En 2018, 60% des retraités avaient vu leur taux de CSG passer de 6,6% à 8,3%. Le ralliement des retraités aux Gilets Jaunes avait forcé l’exécutif à revenir en arrière pour la moitié d’entre eux. Ainsi, ceux dont le revenu fiscal de référence se situait en 2019 en dessous de 22 580 euros par an sont repassés sur le taux de 6,6%. Cette reculade a permis de redistribuer 1,3 milliard d’euros à 3,5 millions de ménages, « qui gagnent chacun en moyenne 360 euros annuels », calcule l’Insee. En termes de niveau de vie gagné dans les foyers où la personne de référence est à la retraite, cette baisse de la CSG représente un surplus de 90 euros sur l’année.

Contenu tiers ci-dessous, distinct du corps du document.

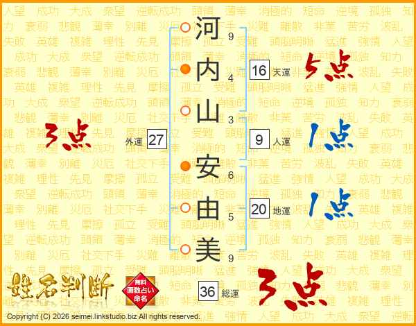 河(9画)内(4画)山(3画) 安(6画)由(5画)美(9画)
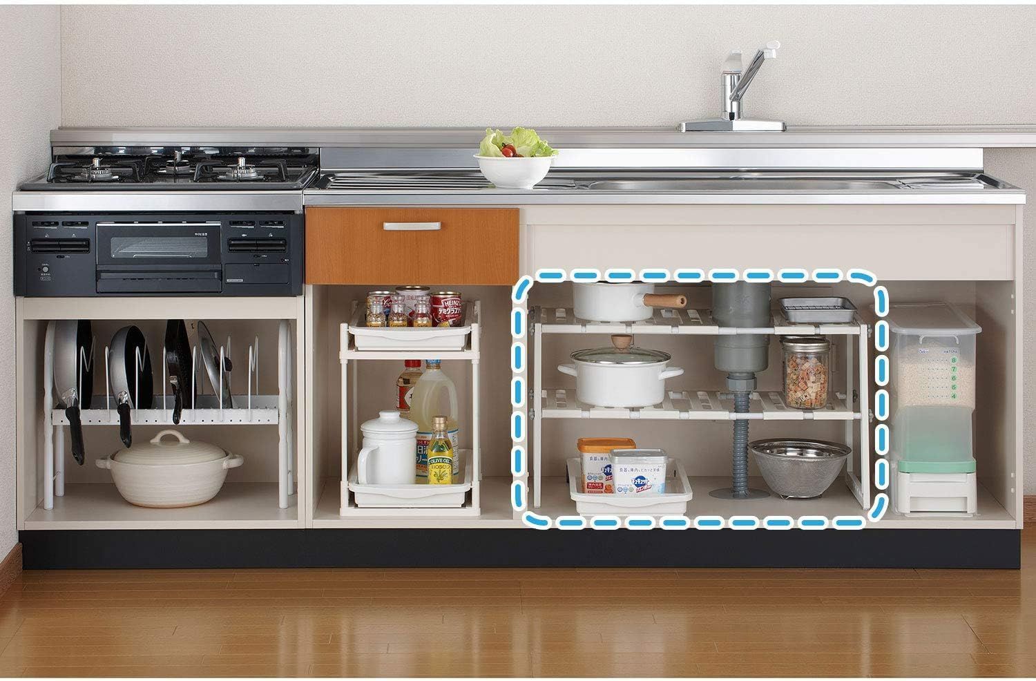 シンク下のサイズに合わせて幅50~75cmの間で伸縮することができ、棚の高さも3cm間隔でスペースに合わせて調節できます。

Les retraités ont aussi été favorisés par la baisse de la taxe d’habitation sur la résidence principale. Avec cette réforme, ils gagnent quelque 100 euros de niveau de vie, contre 75 euros pour les personnes en emploi et moins de 50 euros pour les chômeurs. Pour rappel, le dégrèvement de cet impôt local était de 65% en 2019, contre 30% en 2018, et s’appliquait aux foyers dont le RFR était inférieur à 27 432 euros par part fiscale. En revanche, « la réforme concerne peu les 20% de personnes les plus modestes, car la plupart bénéficie déjà d’une exonération totale de la taxe d’habitation, ainsi que les 20% les plus aisées qui ne sont pas éligibles au dégrèvement », détaille l’Insee.